[Input data]
%%
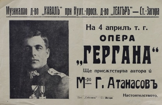 Рождената дата на Старозагорската опера е 1 юли 1925 година – датата на премиерата на операта „Гергана“ на Маестро Георги Атанасов. Диригент е Атанас Ковачев, режисьор – Мара Шопова, хормайстор – Златан Станчев. В главните роли: Гергана – Ничка Хаджимитева (Баталова), Никола – Георги Баталов, Христина – Радка Профирова, Дядо Недялко – Петър Тотев, Селим бей -Теню Велев, Мухтар ага – Стефан Георгиев, Баба Цона – Христина Георгиева. Събитието поставя и началото на първата постоянно действаща извънстолична опера в страната.
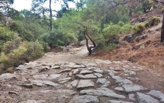 Tırmanış zaman zaman çok dikleşiyor. Bir süre bu tırmanış devam edecek. Sonra yamaçlardan ilerleyerek bulunduğunuz yerin tepe noktasına ulaşacaksınız. Orada bir kaya üzere sprey boya ile 7 km yazmışlar. Bu kayanın dibinden sola aşağı yol devam ediyor. İniş oldukça keyifli ve de güzel. Hiç zorlanmadan dere yatağına kadar iniyorum. Yol üzerinde yürüyüş yapan İtalyan bir aile ile karşılaşıyorum. Çocukların yaşları 4 ile 8 arasında, çocuklarını bu şekilde doğa kültürü aşılaması ve uzun bir parkura çıkartmasını görünce bizim kültürümüzde neden doğa sporları olmadığını daha iyi anlıyorum.
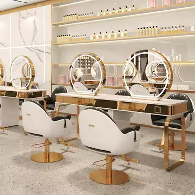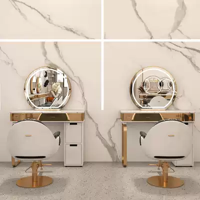 Stainless steel marble hair salon mirror table hair salon special cabinet one net red hair salon tide shop hair mirror
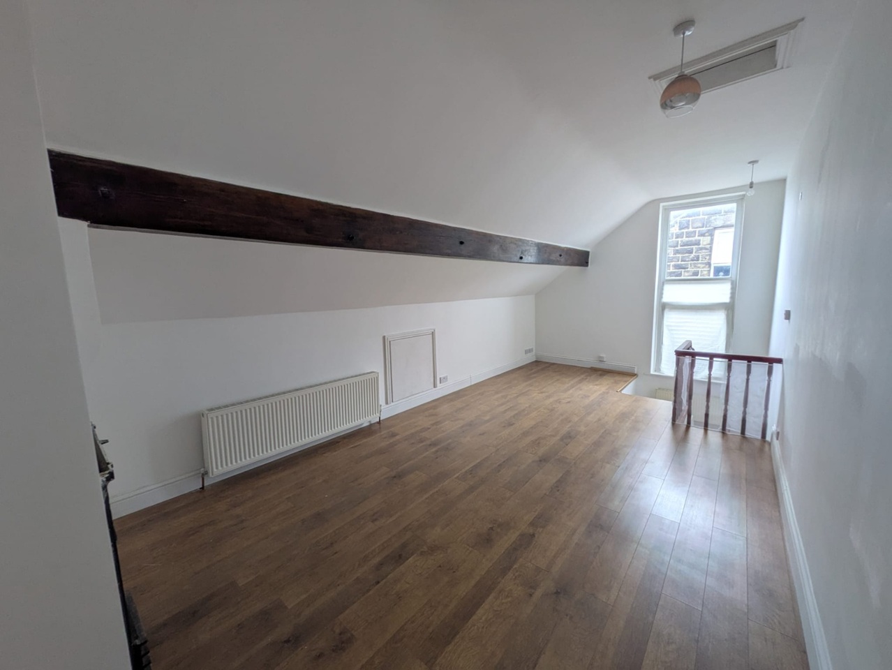 This property has a great new built feeling combined with the warm comfort of wood laminate flooring. Starting from the top, the loft is an open space area that can easily combine bedroom and office space. The first floor has a gorgeous new bathroom and 2 spacious bedrooms. The stunning living area is bright and the kitchen fitted with essentials. There is also a large storage area in the cellar.
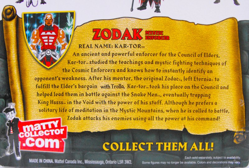 Ka-Tor ist der uralte und mächtige Vollstrecker des Rats der Ältesten und hat die Lehren und mystischen Kampfkünste der Kosmischen Vollstrecker erlernt. Er weiß wie er sofort die Schwächen eines Gegners identifizieren kann. Als sein Mentor, der ursprüngliche Zodac, Eternia verließ um den Handel der Ältesten mit Trolla zu besiegeln, nahm Ka-Tor seinen Platz im Rat ein. Er führte sie im Kampf gegen die Snake-Men an und setzte schließlich King Hssss im Nichts gefangen, dank der Macht seines Stabes. Obwohl er ein Leben in Einsamkeit und Meditation in den Mystic Mountains vorzieht, ist Zodak doch immer bereit in den Kampf zu ziehen und attackiert seine Feinde mit all der Macht, die ihm zur Verfügung steht.
%%
[Problem to solve]
Would you restate, word for word, the lines from the one holding "Tırmanış zaman zaman" through the end of the material above? Omit the pictures.

[Response below]
 Tırmanış zaman zaman çok dikleşiyor. Bir süre bu tırmanış devam edecek. Sonra yamaçlardan ilerleyerek bulunduğunuz yerin tepe noktasına ulaşacaksınız. Orada bir kaya üzere sprey boya ile 7 km yazmışlar. Bu kayanın dibinden sola aşağı yol devam ediyor. İniş oldukça keyifli ve de güzel. Hiç zorlanmadan dere yatağına kadar iniyorum. Yol üzerinde yürüyüş yapan İtalyan bir aile ile karşılaşıyorum. Çocukların yaşları 4 ile 8 arasında, çocuklarını bu şekilde doğa kültürü aşılaması ve uzun bir parkura çıkartmasını görünce bizim kültürümüzde neden doğa sporları olmadığını daha iyi anlıyorum.
 Stainless steel marble hair salon mirror table hair salon special cabinet one net red hair salon tide shop hair mirror
 This property has a great new built feeling combined with the warm comfort of wood laminate flooring. Starting from the top, the loft is an open space area that can easily combine bedroom and office space. The first floor has a gorgeous new bathroom and 2 spacious bedrooms. The stunning living area is bright and the kitchen fitted with essentials. There is also a large storage area in the cellar.
 Ka-Tor ist der uralte und mächtige Vollstrecker des Rats der Ältesten und hat die Lehren und mystischen Kampfkünste der Kosmischen Vollstrecker erlernt. Er weiß wie er sofort die Schwächen eines Gegners identifizieren kann. Als sein Mentor, der ursprüngliche Zodac, Eternia verließ um den Handel der Ältesten mit Trolla zu besiegeln, nahm Ka-Tor seinen Platz im Rat ein. Er führte sie im Kampf gegen die Snake-Men an und setzte schließlich King Hssss im Nichts gefangen, dank der Macht seines Stabes. Obwohl er ein Leben in Einsamkeit und Meditation in den Mystic Mountains vorzieht, ist Zodak doch immer bereit in den Kampf zu ziehen und attackiert seine Feinde mit all der Macht, die ihm zur Verfügung steht.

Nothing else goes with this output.